Barracuda Networks Enlists Open Source Community In Trend Micro Patent Fight
The following is excerpted from Thomas Claburn's February 6, 2008 article at InformationWeek:
Barracuda Networks, a maker of e-mail and Web security hardware, has sent out a distress call to the open source community to save it from patent litigation at the hands of Trend Micro, a competing security company.

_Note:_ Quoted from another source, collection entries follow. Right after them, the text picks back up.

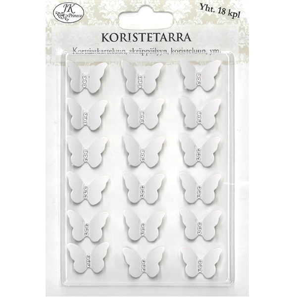 Pakkauksessa on 18 kappaletta perhosia, joissa on tarra kiinnitys keskellä, jolloin siivet ovat 3D-maisesti koholla.
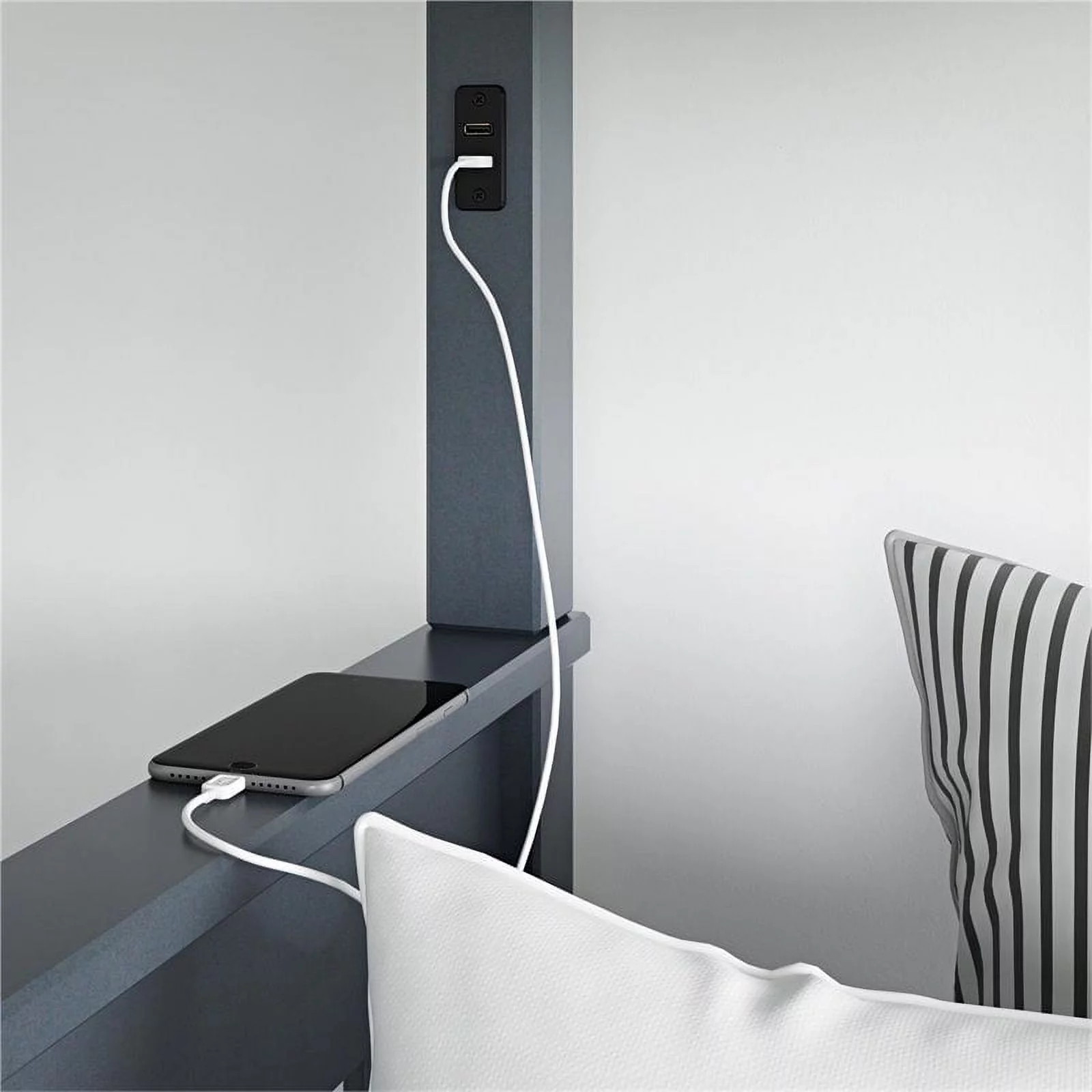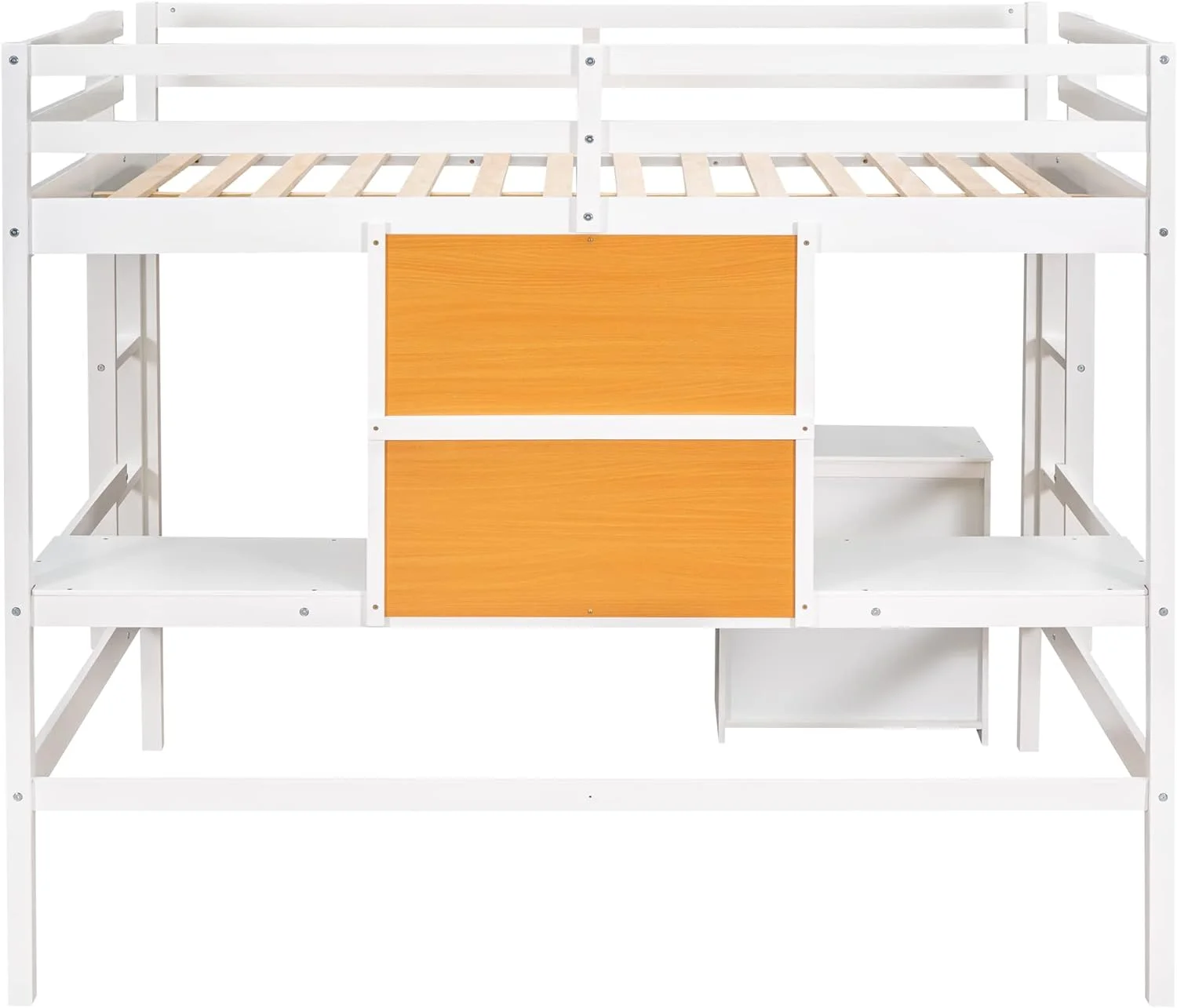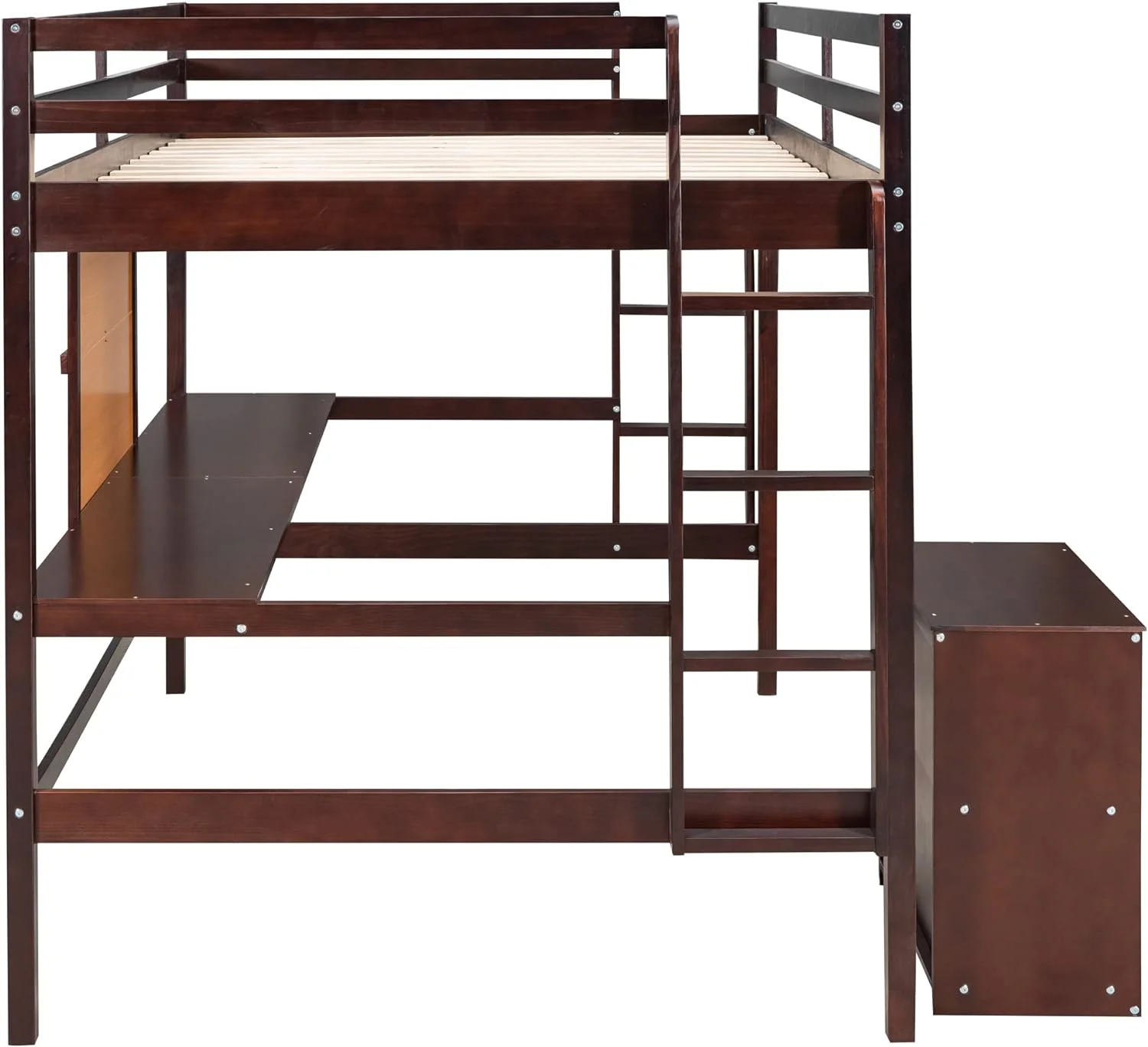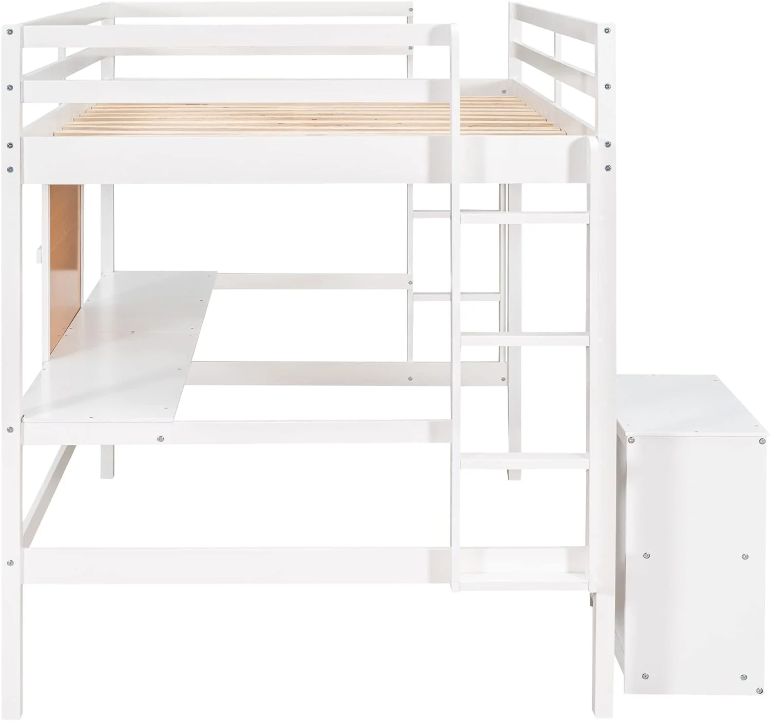 Lof Bed Wih Desk Ad Wriig Board, Wood Size Lof Bed Wih Desk & 2 Drawers Cabie Udereah, Lof Bed For Kids, Boys,Girls,ees(,Grey)
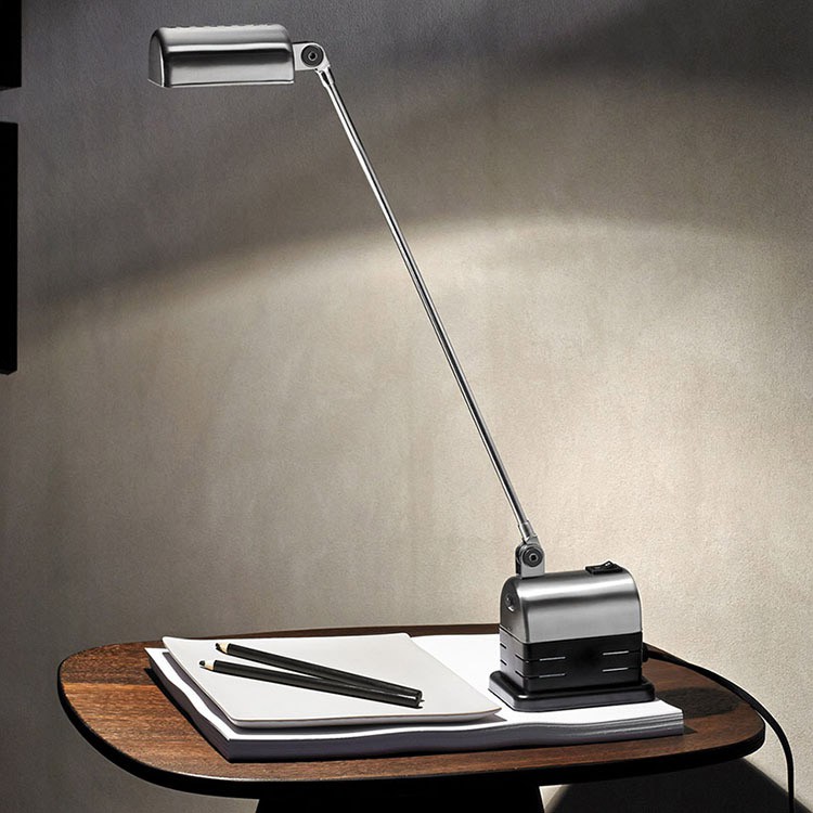 Lampe de table en métal avec bras articulé et orientable, diffuseur pivotant sur 360 degrés, base en matière synthétique noire.
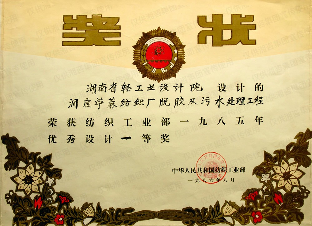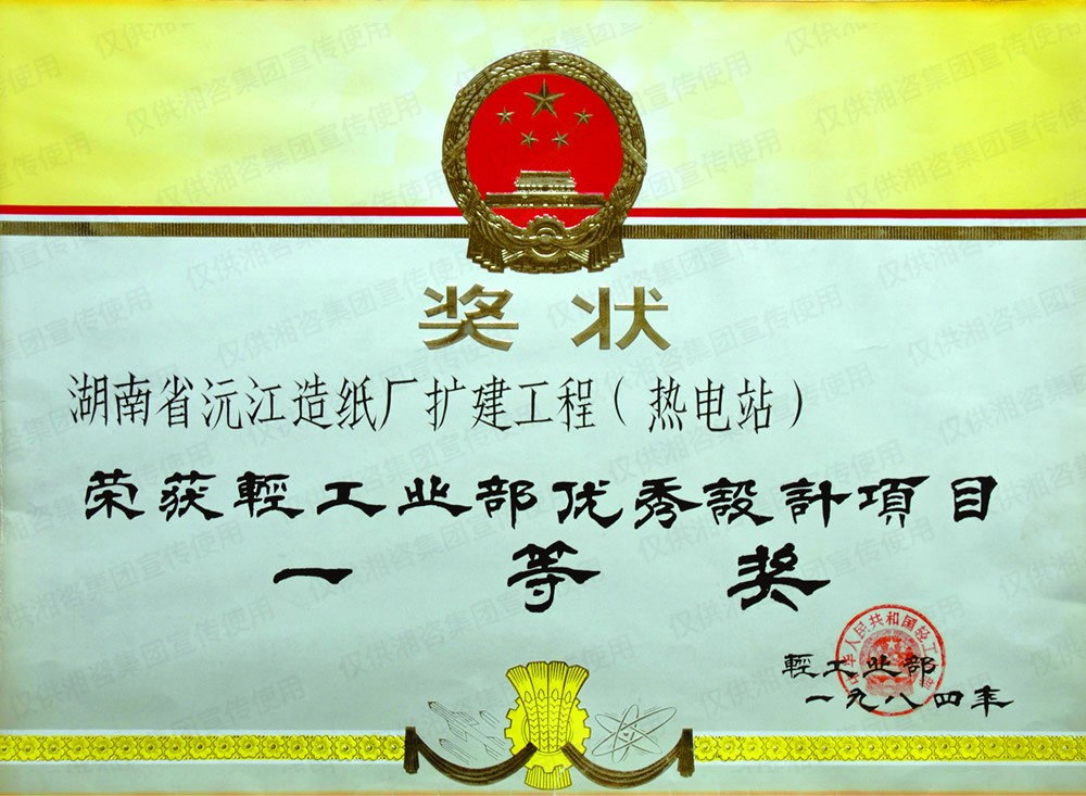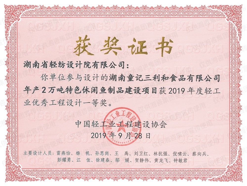 中國輕工業工程建設協會輕工業優秀工程設計一等獎
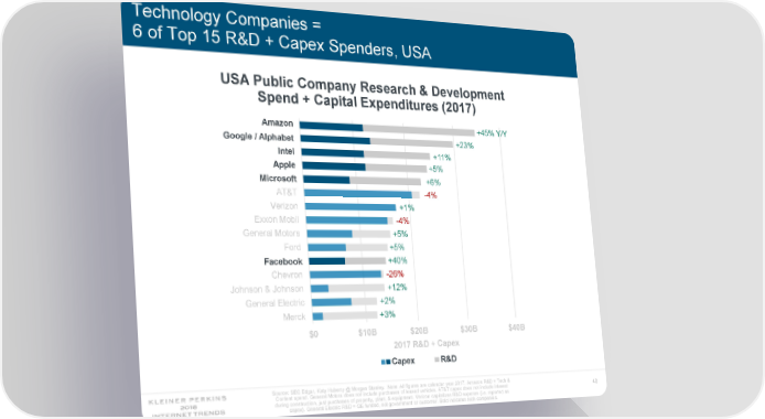 Technology Companies = 6 of Top 15 R&D + Capex Spenders, USA USA Public Company Research & Development Spend + Capital Expenditures (2017) Amazon Amazon +45% Y/Y Google / Alphabet Google / Alphabet +23% Intel Intel +11% Apple +5% Apple Microsoft Microsoft +6% AT&T -4% Verizon +1% Exxon Mobil -4% General Motors +5% Ford +5% Facebook +40% Facebook Chevron -26% Johnson & Johnson +12% General Electric +2% Merck +3% $0 $10B $20B $30B $40B 2017 R&D + Capex Capex R&D Source: SEC Edgar, Katy Huberty @ Morgan Stanley. Note: All figures are calendar year 2017. Amazon R&D = Tech & Content spend. General Motors does not include purchases of leased vehicles. AT&T capex does not include interest 40 during construction, just purchases of property, plant, & equipment. Verizon capitalizes R&D expense (i.e. reported as capex). General Electric R&D = GE funded, not government or customer. Bold indicates tech companies.

On Tuesday it asked for help from anyone who can provide information that can invalidate Trend Micro's patent on gateway antivirus scanning.
Barracuda Networks has framed the dispute as an attack not only on itself but on the open source community and the free Clam AntiVirus software by "commercial patent holders attempting to unjustly hinder the free and open source community," as Dean Drako, president and CEO of Barracuda Networks, put it in a statement issued on Tuesday.
The patent in question, U.S. Patent No. 5,623,600, was filed in 1995. Fortinet, another security hardware vendor, was accused of violating the patent in 2004 and settled with Trend Micro in early 2006. Sweeny from Trend Micro confirmed that both Symantec (NSDQ: SYMC) and McAfee have licensed the patent as well.
"They're accusing us of importing open source software," said Drako. "How can you accuse someone of importing open source software? It's written everywhere." Nonetheless, Trend Micro appears to be doing just that it. If it prevails, Drako predicts trouble for companies that rely on open source software. "If Trend Micro is successful in claiming that we import Clam AV, and therefore that the ITC is the appropriate court, I could go claim that Linux is imported by IBM (NYSE: IBM) ... I could start suing them in the ITC. It could reinvent how patent litigation is done for open source software. It's a pretty bold move."